> [Data supplied]:
***

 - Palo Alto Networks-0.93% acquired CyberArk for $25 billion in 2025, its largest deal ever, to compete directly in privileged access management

***

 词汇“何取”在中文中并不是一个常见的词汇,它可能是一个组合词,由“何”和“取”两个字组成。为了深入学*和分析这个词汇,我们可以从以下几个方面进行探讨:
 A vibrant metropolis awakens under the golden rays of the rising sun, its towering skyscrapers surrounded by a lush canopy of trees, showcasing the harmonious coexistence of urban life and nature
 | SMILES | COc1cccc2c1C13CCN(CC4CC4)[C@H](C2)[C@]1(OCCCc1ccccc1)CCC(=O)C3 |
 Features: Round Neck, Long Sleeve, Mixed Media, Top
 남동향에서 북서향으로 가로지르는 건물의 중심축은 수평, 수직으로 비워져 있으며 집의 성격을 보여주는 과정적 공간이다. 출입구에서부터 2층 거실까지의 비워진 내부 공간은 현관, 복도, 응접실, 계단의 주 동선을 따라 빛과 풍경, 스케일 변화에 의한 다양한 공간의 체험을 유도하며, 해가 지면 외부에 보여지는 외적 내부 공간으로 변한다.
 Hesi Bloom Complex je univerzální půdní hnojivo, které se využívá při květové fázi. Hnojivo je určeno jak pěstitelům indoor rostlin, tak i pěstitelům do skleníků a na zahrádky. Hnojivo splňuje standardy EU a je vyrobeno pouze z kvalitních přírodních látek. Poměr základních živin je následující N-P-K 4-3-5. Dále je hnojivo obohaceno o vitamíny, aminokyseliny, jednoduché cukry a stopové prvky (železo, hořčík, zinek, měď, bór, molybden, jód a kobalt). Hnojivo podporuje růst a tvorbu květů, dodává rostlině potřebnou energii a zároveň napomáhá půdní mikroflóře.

***

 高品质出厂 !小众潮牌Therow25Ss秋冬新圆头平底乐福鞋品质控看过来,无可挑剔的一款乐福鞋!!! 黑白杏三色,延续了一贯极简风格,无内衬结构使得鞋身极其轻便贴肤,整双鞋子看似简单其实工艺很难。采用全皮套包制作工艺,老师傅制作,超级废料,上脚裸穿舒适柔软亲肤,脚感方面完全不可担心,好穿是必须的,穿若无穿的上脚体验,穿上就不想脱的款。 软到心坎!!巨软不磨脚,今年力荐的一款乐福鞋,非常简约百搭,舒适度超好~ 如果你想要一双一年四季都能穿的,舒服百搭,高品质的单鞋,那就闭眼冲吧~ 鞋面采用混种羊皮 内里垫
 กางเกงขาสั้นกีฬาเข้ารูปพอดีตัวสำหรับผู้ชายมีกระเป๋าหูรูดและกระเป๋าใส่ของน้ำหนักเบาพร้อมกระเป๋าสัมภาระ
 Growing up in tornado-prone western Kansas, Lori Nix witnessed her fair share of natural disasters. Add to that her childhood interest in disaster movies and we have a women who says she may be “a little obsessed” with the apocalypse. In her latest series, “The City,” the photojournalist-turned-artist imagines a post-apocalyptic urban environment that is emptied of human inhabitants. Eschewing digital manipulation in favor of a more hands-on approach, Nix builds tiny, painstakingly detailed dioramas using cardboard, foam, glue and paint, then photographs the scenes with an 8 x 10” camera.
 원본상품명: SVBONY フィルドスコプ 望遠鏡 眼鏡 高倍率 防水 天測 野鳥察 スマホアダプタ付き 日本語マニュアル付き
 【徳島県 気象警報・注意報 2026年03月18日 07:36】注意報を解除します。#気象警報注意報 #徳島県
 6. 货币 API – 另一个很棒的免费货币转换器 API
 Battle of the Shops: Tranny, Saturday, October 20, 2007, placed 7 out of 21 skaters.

***

> [What you should do]:
Copy out every line of the listing that contains the string "urban".

> [Response area]:
 A vibrant metropolis awakens under the golden rays of the rising sun, its towering skyscrapers surrounded by a lush canopy of trees, showcasing the harmonious coexistence of urban life and nature
 Growing up in tornado-prone western Kansas, Lori Nix witnessed her fair share of natural disasters. Add to that her childhood interest in disaster movies and we have a women who says she may be “a little obsessed” with the apocalypse. In her latest series, “The City,” the photojournalist-turned-artist imagines a post-apocalyptic urban environment that is emptied of human inhabitants. Eschewing digital manipulation in favor of a more hands-on approach, Nix builds tiny, painstakingly detailed dioramas using cardboard, foam, glue and paint, then photographs the scenes with an 8 x 10” camera.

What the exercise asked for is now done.